*** Opening of Data records ***
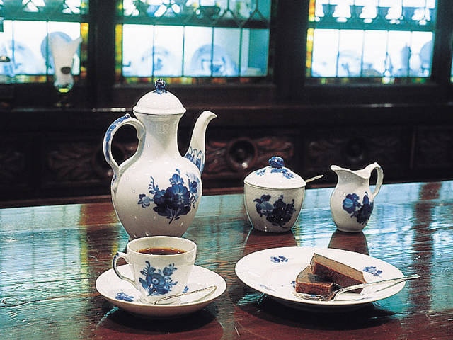 建物やロイヤルコペンハーゲンのカップがクラシカルな雰囲気をかもし出す老舗の喫茶店。コーヒーはこだわりのブレンド1種類。人気の手作りケーキとともにゆったり味わいたい。
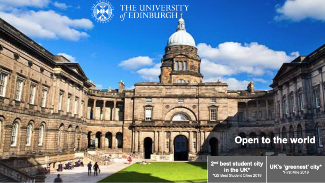 爱丁堡大学(The University of Edinburgh)简称爱大(Edin.),坐落于苏格兰首府爱丁堡市,是一所成立于 1583 年的公立研究型大学。爱丁堡大学是英语世界最古老的市立机构,现存第六古老的大学、苏格兰四所古典大学之一。爱丁堡大学在 2021 年英国政府的研究卓越框架中,其研究实力位居英国第 4 位,仅次于牛津大学、伦敦大学学院和剑桥大学。在 2022 年发布的 QS 世界大学排名和泰晤士高等教育世界大学排名中,爱大分别位列世界第 15 和第 29 位。
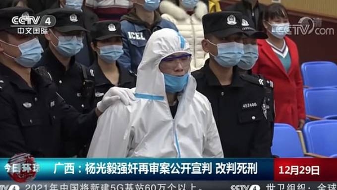 Trong video được CCTV phát sóng, Yang xuất hiện ở phiên tòa khi mặc quần áo bảo hộ và đeo kính để hạn chế lây lan Covid-19. Trước khi chết, Yang được tòa cho gặp các thành viên gia đình, nhưng anh ta từ chối. Yang bị tử hình hôm nay theo lệnh của Tòa án Nhân dân Trung cấp Khâm Châu.
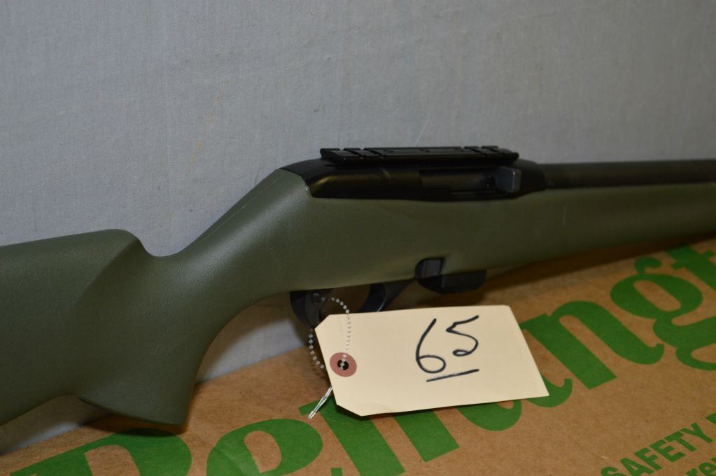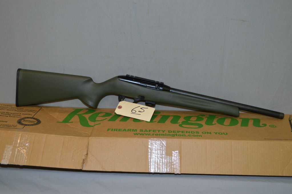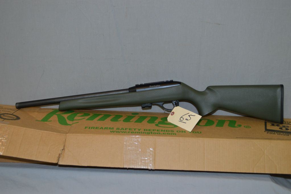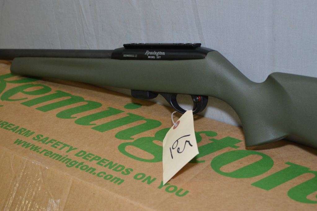 Remington Model 597 LR HB ..22 LR Cal Mag Fed Semi Auto Rifle w/ 16 1/2" heavy bbl [ appears as new, unfired, in original box w/booklet & cable lock, blued finish, no sights but has scope base, green synthetic pistol grip stock, w/ Remington butt plate ] Ser # D2985511
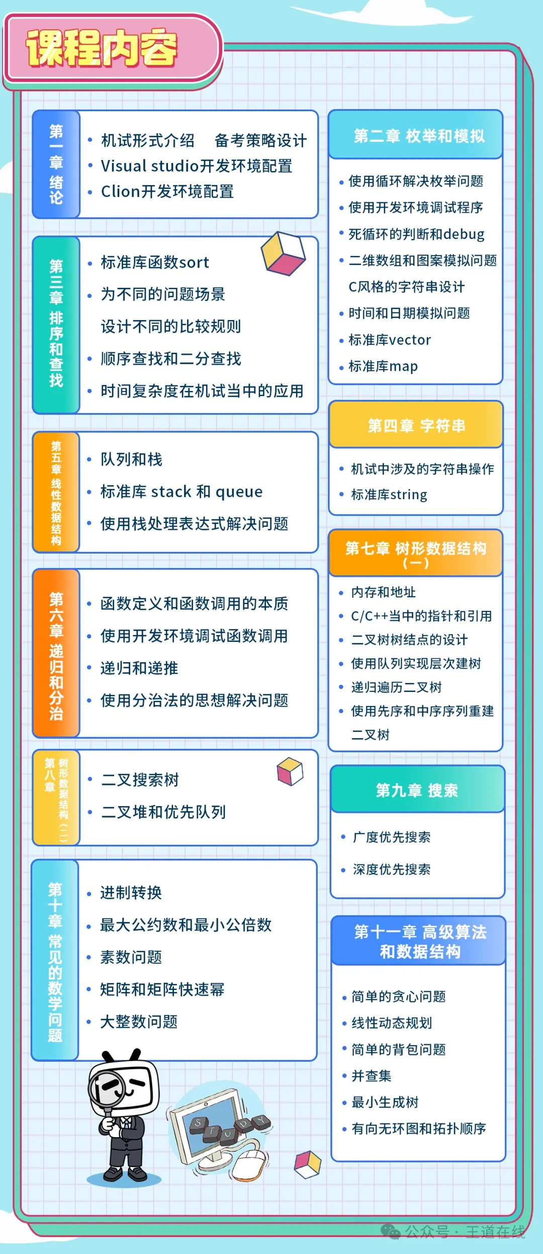 总结:机试课沿用王道一贯的授课风格,采用“讲”、“学”、“练”结合的模式,相较于教材内容更加丰富,增加补充知识点、常用编码技巧等,帮助考生由点及面地全方位提升编程能力。王道计算机考研复试机试课是系统讲授计算机考研机试的辅导课程,一共有9个章节,由浅入深地讲解机试相关考点,并精选名校复试上机题作为课程习题,手把手给考生提供编程指导。- 王道线下训练营人气讲师,教学经验丰富;代码讲解通俗易懂,逻辑清晰,深受学生喜爱。
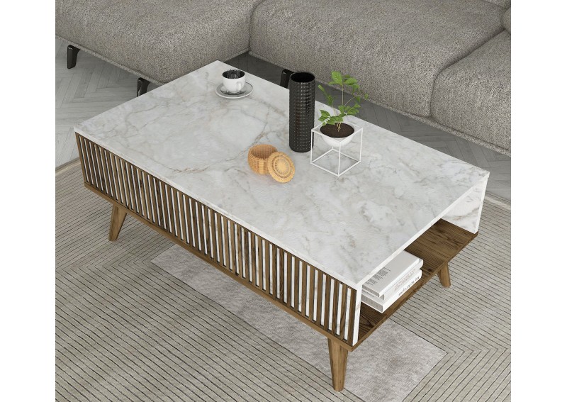 Τραπεζάκι σαλονιού μοντέρνου σχεδιασμού χρώματος φυσικό καρυδί. Διαθέτει έξι συρτάρια με αποθηκευτικό χώρο και ειδικά μικρά χερούλια. Επίσης ξύλινα διαχρονικά ποδαράκια στήριξης που αναδεικνύουν το διαχρονικό στυλ. Είναι ένα πολυ χρησιμο και όμορφο τραπεζάκι σαλονιού που μπορείτε να το τοποθετήσετε παντού μέσα στο σπίτι ακόμη και στην κρεβατοκάμαρα σας....
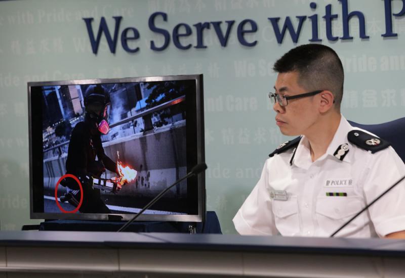 图:警方重申,佩枪掷汽油弹者并非警务人员 大公报记者摄
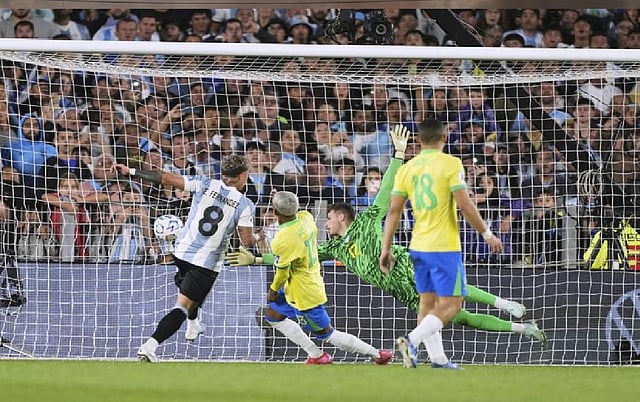 Julián Alvarez netted the first in the 4th minute after Marquinhos, Murillo and Guilherme Arana failed to reach the ball. The Argentina striker shot between the legs of goalkeeper Bento from close range.
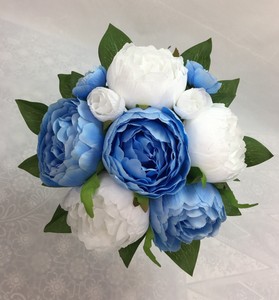 Light Blue White Peony Flowers Posy Artificial Silk Flower Wedding
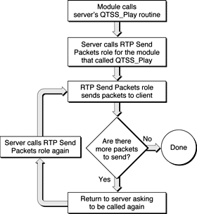 QTSS_RTSPFilter_Role,QTSS_RTSPRoute_Role,QTSS_RTSPAuthenticate_Role,QTSS_RTSPAuthorize_Role,QTSS_RTSPPreProcessor_Role,QTSS_RTSPRequest_Role,QTSS_RTSPPostProcessor_Role, andQTSS_RTSPSessionClosingRole. The RTSP session also calls modules in theirQTSS_RTSPIncomingData_Role. The RTP session handles the following role calls as well as data reads and writes:QTSS_RTPSendPackets_Role,QTSS_RTCPProcess_Role, andQTSS_ClientSessionClosing_Role. For more information about roles, see Module Roles.
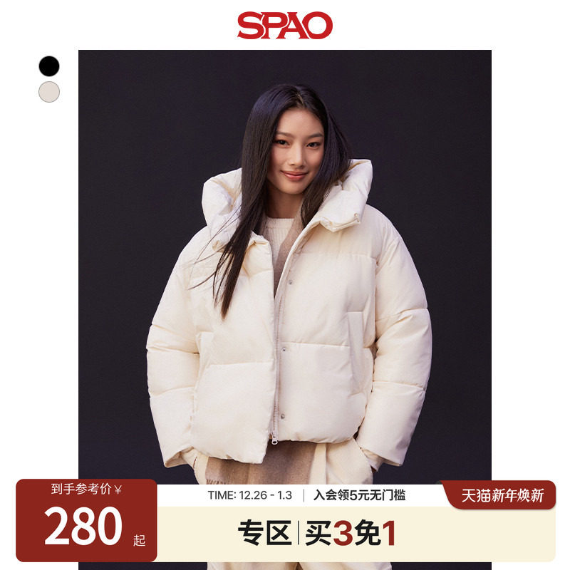 SPAO韩国同款冬季女士气质休闲连帽纯色短款棉服保暖面包服外套
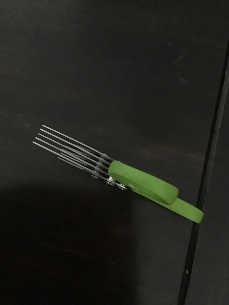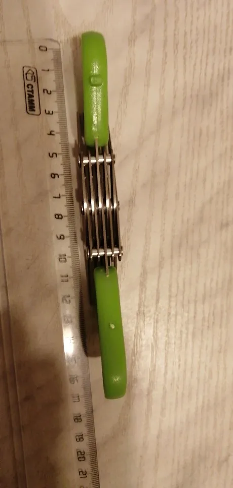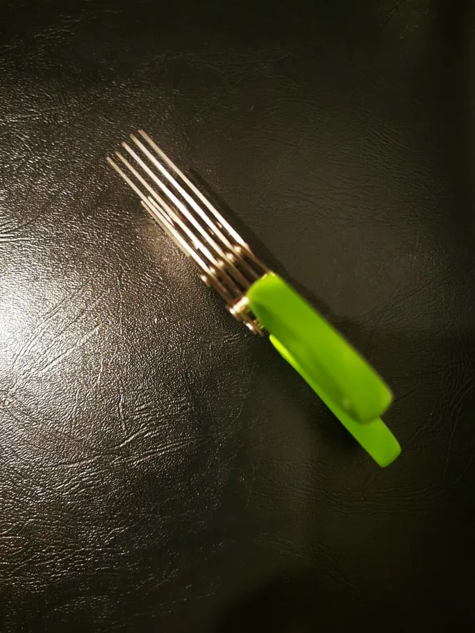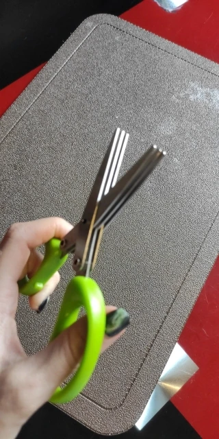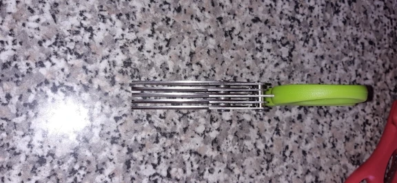 Зеленого лука в доме пока не нашлось, проверил только на бумаге - режет отлично. Расстояние между лезвиями небольшое, возможно, будет слишком мельчить
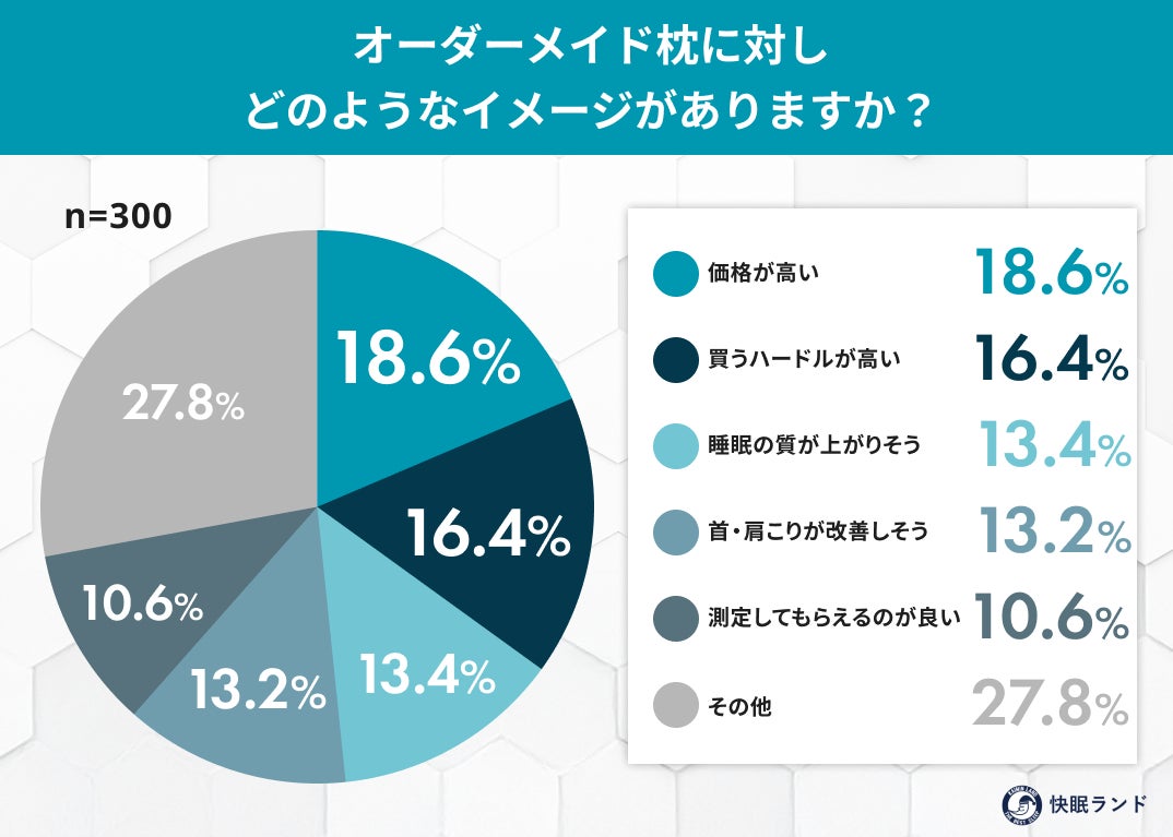 年末年始は、買い替え需要や「自分へのご褒美消費」が高まりやすいタイミングです。近年は、モノを増やす消費よりも「健康・睡眠・体調管理」といった“生活の質を高める投資”への関心が高まっています。オーダーメイド枕は、首や肩への負担軽減、睡眠の質向上が期待される一方で、価格や購入プロセスへの心理的ハードルも指摘されがちです。今回の調査では、こうしたイメージと実際の意識のギャップを明らかにし、生活改善トレンドとしての現在地を可視化しました。
*** Close of Data records ***
What you should do -> Return only the part above that opens with the line containing "see Module Roles." and closes with the line containing "SPAO韩国同款冬季女士气质休闲连帽纯色短款棉服保暖面包服外套", exactly and with both ends, skipping the pictures.

Solution for this exercise ->
 QTSS_RTSPFilter_Role,QTSS_RTSPRoute_Role,QTSS_RTSPAuthenticate_Role,QTSS_RTSPAuthorize_Role,QTSS_RTSPPreProcessor_Role,QTSS_RTSPRequest_Role,QTSS_RTSPPostProcessor_Role, andQTSS_RTSPSessionClosingRole. The RTSP session also calls modules in theirQTSS_RTSPIncomingData_Role. The RTP session handles the following role calls as well as data reads and writes:QTSS_RTPSendPackets_Role,QTSS_RTCPProcess_Role, andQTSS_ClientSessionClosing_Role. For more information about roles, see Module Roles.
 SPAO韩国同款冬季女士气质休闲连帽纯色短款棉服保暖面包服外套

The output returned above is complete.